Aiming for a csv here with a header of *lat, lon, pixel_value_num, land_cover*, so I flatten each of the arrays, and stack along the appropriate axis and create a dataframe

In [3]:
final_df = pd.DataFrame(np.stack([lats.flatten(), longs.flatten(), A[0].flatten()], axis=1), columns=['lat', 'lon', 'pixel_value_num'])

Merge the metadata csv I created to decode the pixel values.

In [4]:
final_df = pd.merge(final_df, pixel_val_dict_al, how='left', on='pixel_value_num')
final_df

Unnamed: 0,lat,lon,pixel_value_num,land_cover
0,32.748283,-86.910921,0.0,Background
1,32.748258,-86.910601,0.0,Background
2,32.748232,-86.910280,0.0,Background
3,32.748206,-86.909960,0.0,Background
4,32.748181,-86.909639,0.0,Background
...,...,...,...,...
2678539,32.275695,-86.428682,0.0,Background
2678540,32.275668,-86.428364,0.0,Background
2678541,32.275641,-86.428045,0.0,Background
2678542,32.275614,-86.427727,0.0,Background


Check if the dictionary didn't cover any pixel_value_nums

In [5]:
final_df.isna().any()

lat                False
lon                False
pixel_value_num    False
land_cover         False
dtype: bool

### Final dataset

The column pixel_value_num seems to be a float unncessarily, make it an int. 

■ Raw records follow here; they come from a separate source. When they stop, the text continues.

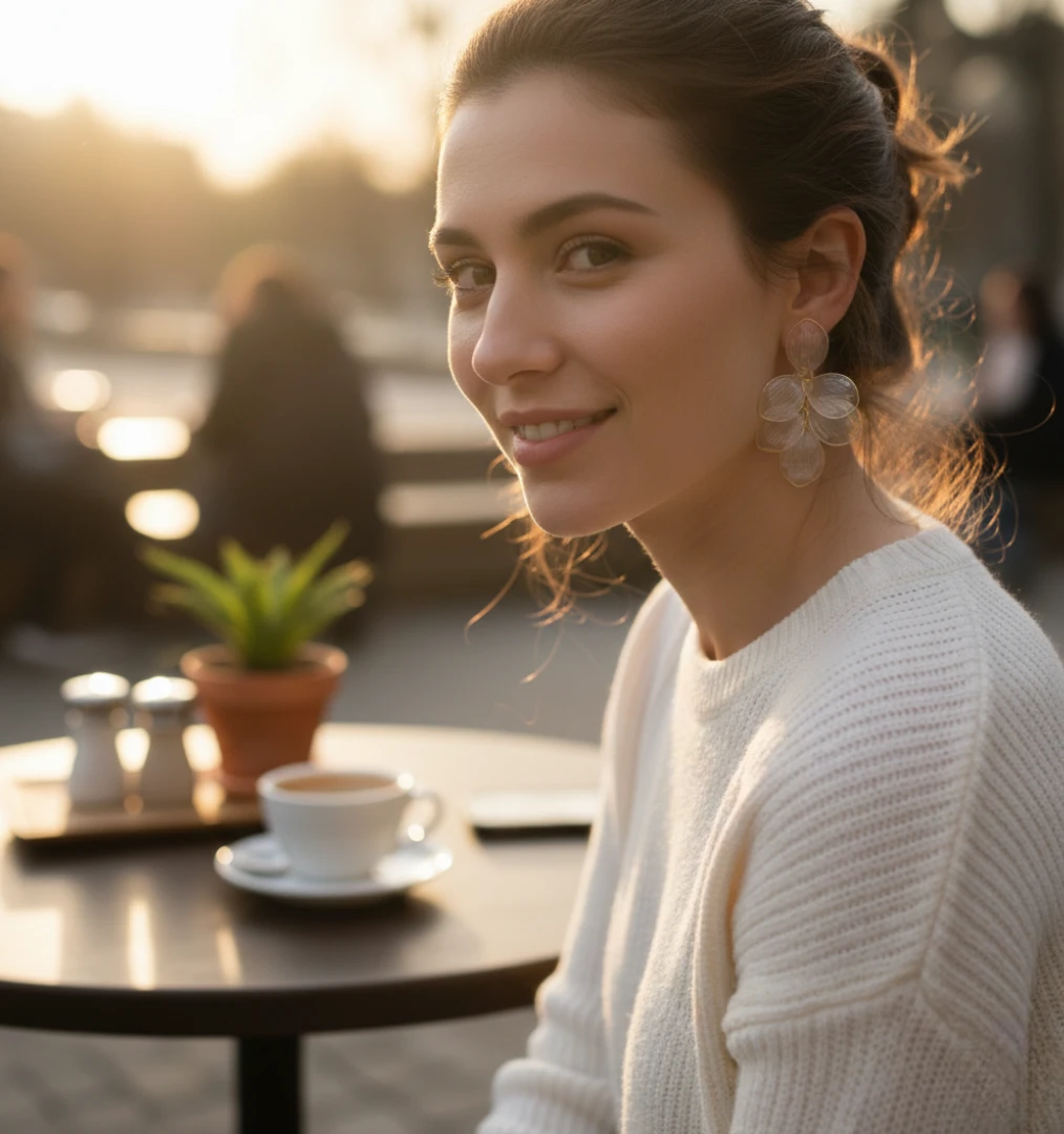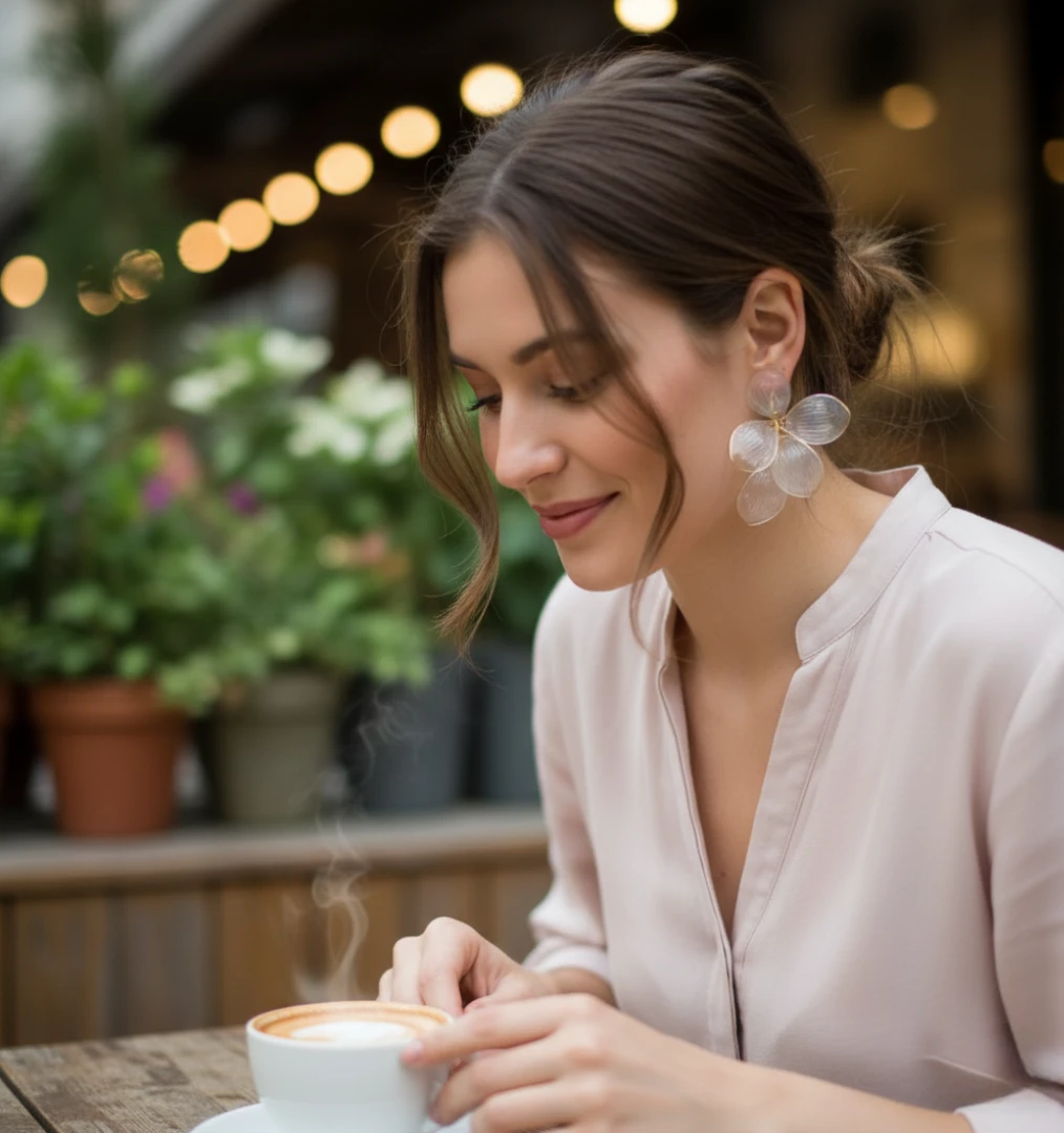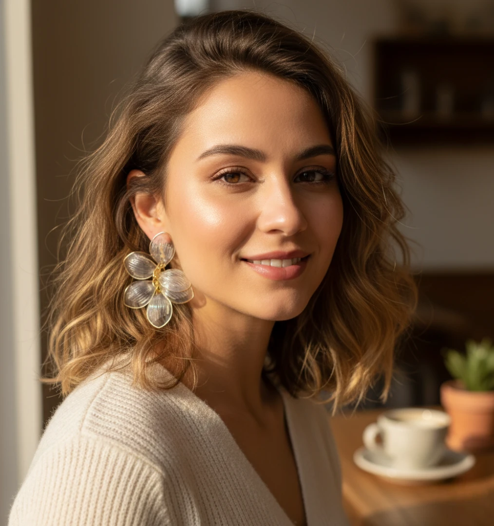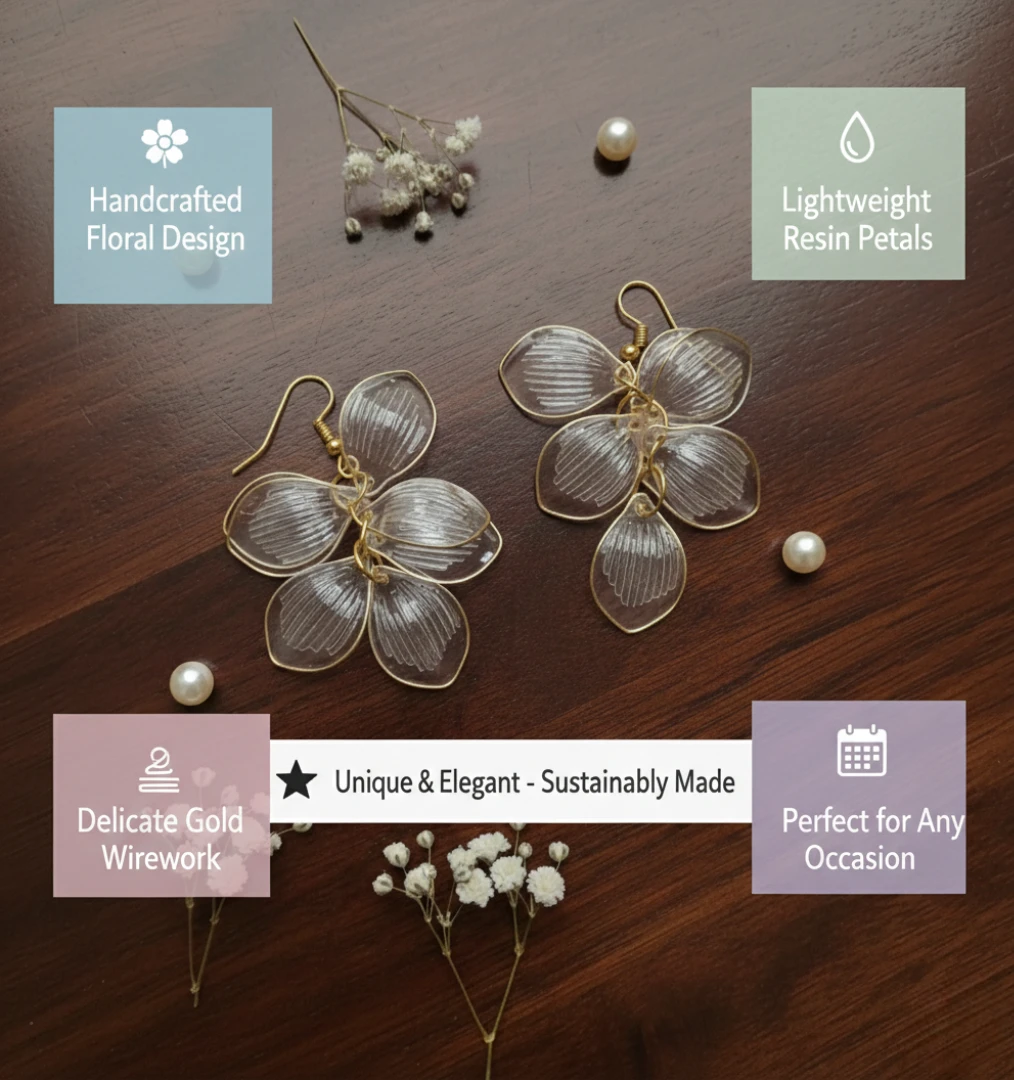Key Features Artisan Design: Each earring features multiple layered petals with a fine, ribbed texture that creates a stunning iridescent effect. Golden Elegance: The petals are delicately rimmed with gold-finished wire, suspended from classic gold-tone French hooks for a secure and comfortable fit. Versatile Style: Whether you’re dressing up for a wedding, a garden party, or adding a feminine touch to a casual outfit, these earrings offer a timeless, sophisticated charm. Lightweight Comfort: Despite their bold, floral silhouette, these earrings are exceptionally lightweight, allowing for all-day wear without fatigue. Specifications Material: High-quality translucent resin/acrylic, gold-toned alloy wire. Closure: Classic French hook (Fishhook). Style: Botanical, Whimsical, Romantic. Styling Tip: Pair these with a silk slip dress or a soft linen blouse to lean into their airy, organic aesthetic. |
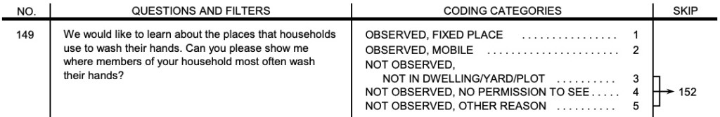 How the question is asked and coded in the latest DHS household questionnaire is below. Key aspects of the question are: (i) if there are multiple places, it’s the one used “most often”, and no specific critical time (after using the toilet, before preparing food) is referred to; (ii) the most-used HWF must be observed – if no handwashing facility is observed or it is off-plot, the household is counted as having “no HWF at home”. If the household does not give permission, or it is not possible to observe for other reasons, it is counted as ‘no permission to see/other’ in survey reports and is excluded from the denominator for JMP service ladders. The DHS interviewer’s manual (p.46) recommends probing to observe mobile HWFs.
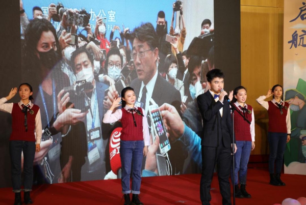 由昌平教学区同学带来的舞蹈《战疫》,姑娘们帅气利落的舞姿,一下让我们想到在抗击疫情大考中那些美丽的姑娘,优秀的战士,她们坚定信心迎难而上的身影,为她们点赞。串烧歌曲《余生,追光,爱世界!》用清澈悠扬的歌声表达了新时代对未来的美好期待和向往。
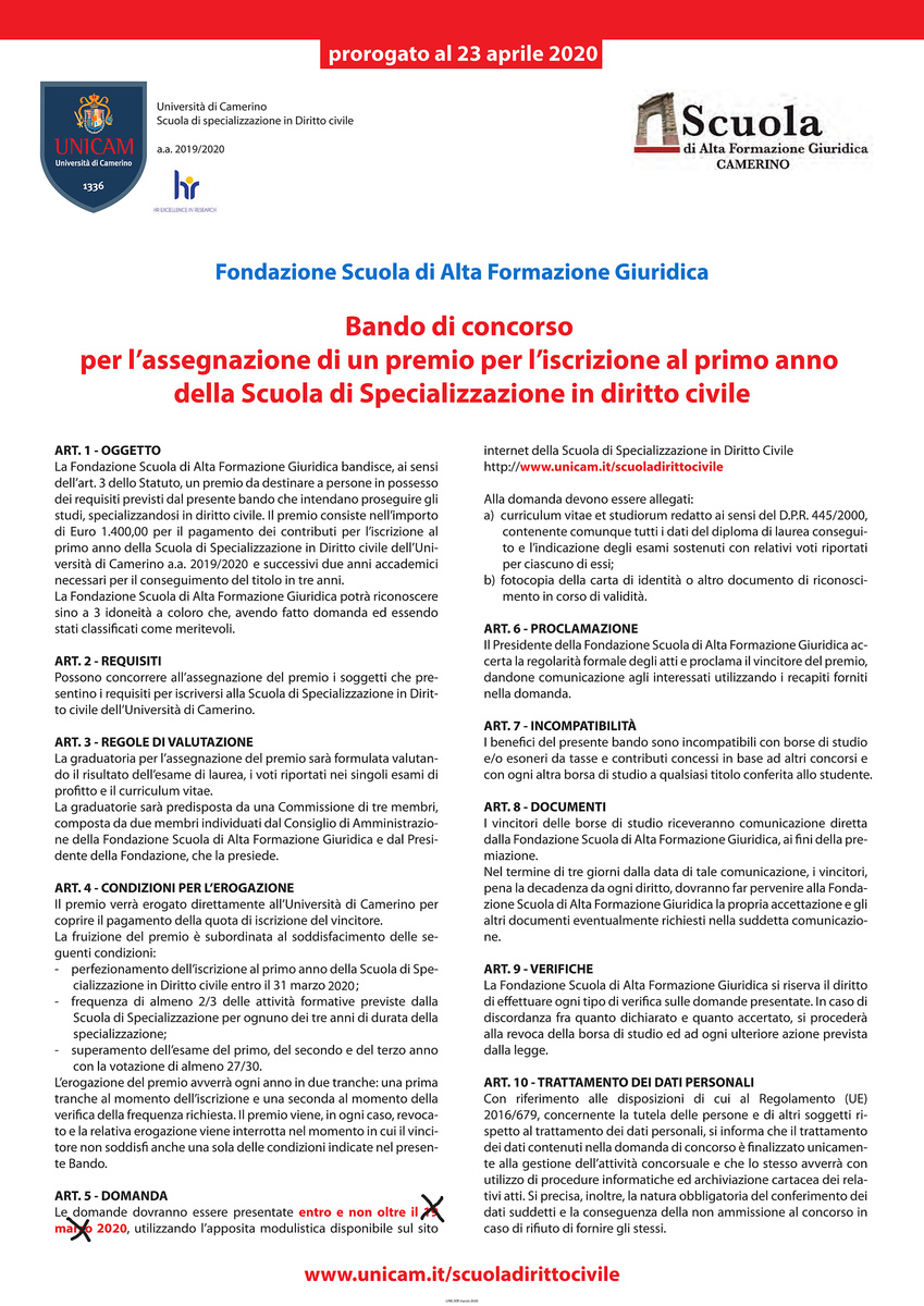 Prorogata Al 23 Aprile La Partecipazione Al Bando Per L Assegnazione Di Un Premio Per L Iscrizione Al Primo Anno Della Scuola Di Specializzazione In Diritto Civile Universita Di Camerino
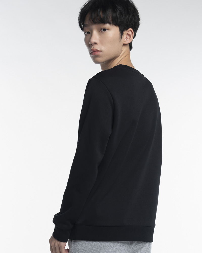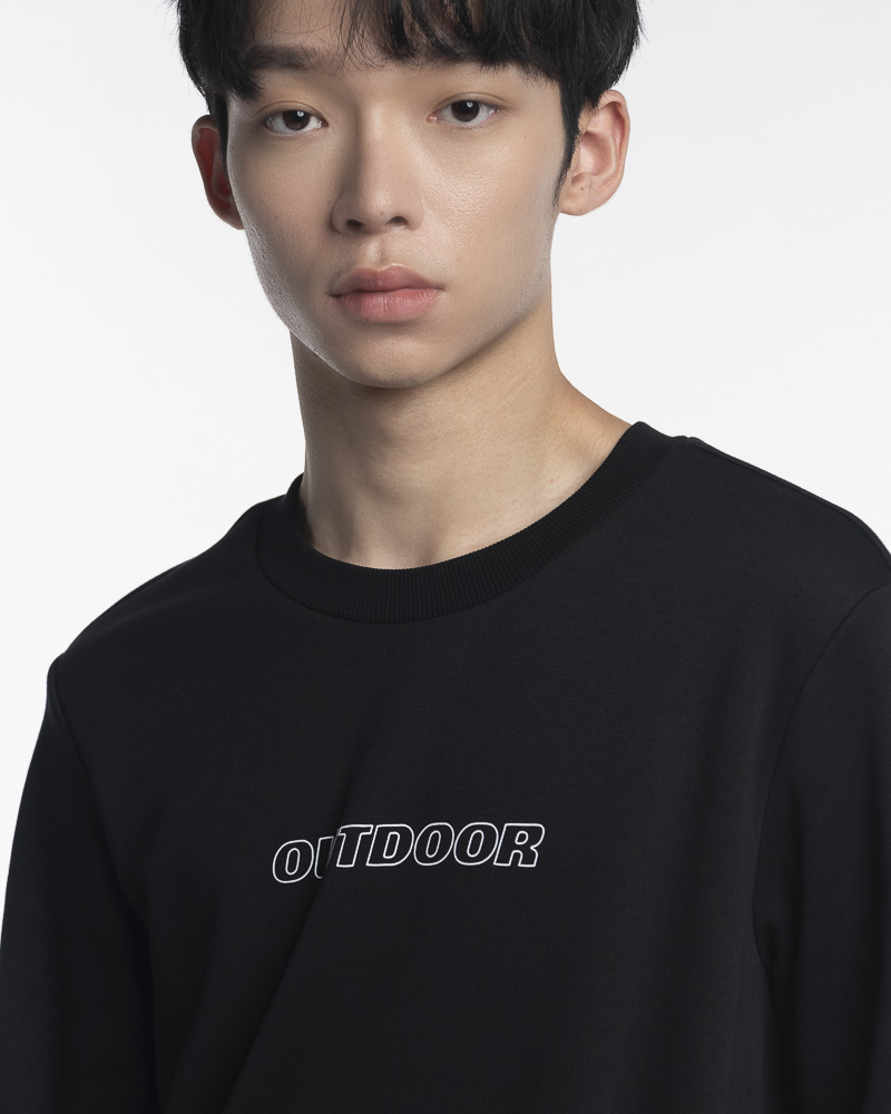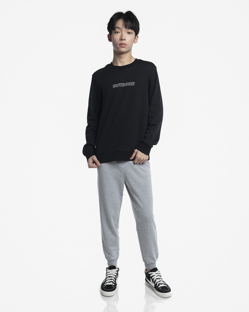 Yishion Men Solid Coloured Long Sleeve Sweatshirt with Outdoor Slogan (Black)
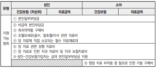 | 소아암 환자 (백혈병 이외의 암종) | 해당 연도 본임부담 진료비 중 최대 2천만원 (다만, 조혈모세포 이식시 3천만원까지) |

Additionally, I remove the background pixels (The black, useless pixels in the original .tif image)

In [6]:
final_df['pixel_value_num'] = final_df['pixel_value_num'].astype('int64')
final_df = final_df[final_df.land_cover != 'Background']
final_df

Unnamed: 0,lat,lon,pixel_value_num,land_cover
1549,32.707421,-86.414659,152,Shrubland
1550,32.707393,-86.414339,152,Shrubland
1551,32.707366,-86.414019,152,Shrubland
1552,32.707339,-86.413699,141,Deciduous Forest
1553,32.707312,-86.413378,141,Deciduous Forest
...,...,...,...,...
2675667,32.307787,-86.810985,111,Open Water
2675668,32.307761,-86.810666,111,Open Water
2675669,32.307735,-86.810347,111,Open Water
2675670,32.307709,-86.810028,111,Open Water


I sanity check the last row of this dataframe, which should be open water.

![](./img/sanity_check1.png)
![](./img/sanity_check2.png)

Yep.

In [7]:
# write it
final_df.to_csv('jcm_dataset.csv', index=False)

### Closing notes

So right now the data is about as spatially disaggregated as one can have it. Aggregating up again to zip codes, counties, states, etc. is indeed possible, and would probably be best done by retrieving the appropriate shapefile(s) from census data or an appropriate government source online, and checking whether the lat, lon coordinates fall within a certain shapefile.

Alternatively, one could also use the [Google Maps API](https://github.com/shugamoe/ucpd_reports/blob/master/coords.py) to aggregate up to zip codes, counties, and states, or create some sort of bot to utilize CropScape's area of interest button to assist in aggregation (bot specifies aggregation area, and the .tif file can be parsed with a column to acknowledge the .tif file's aggregation level).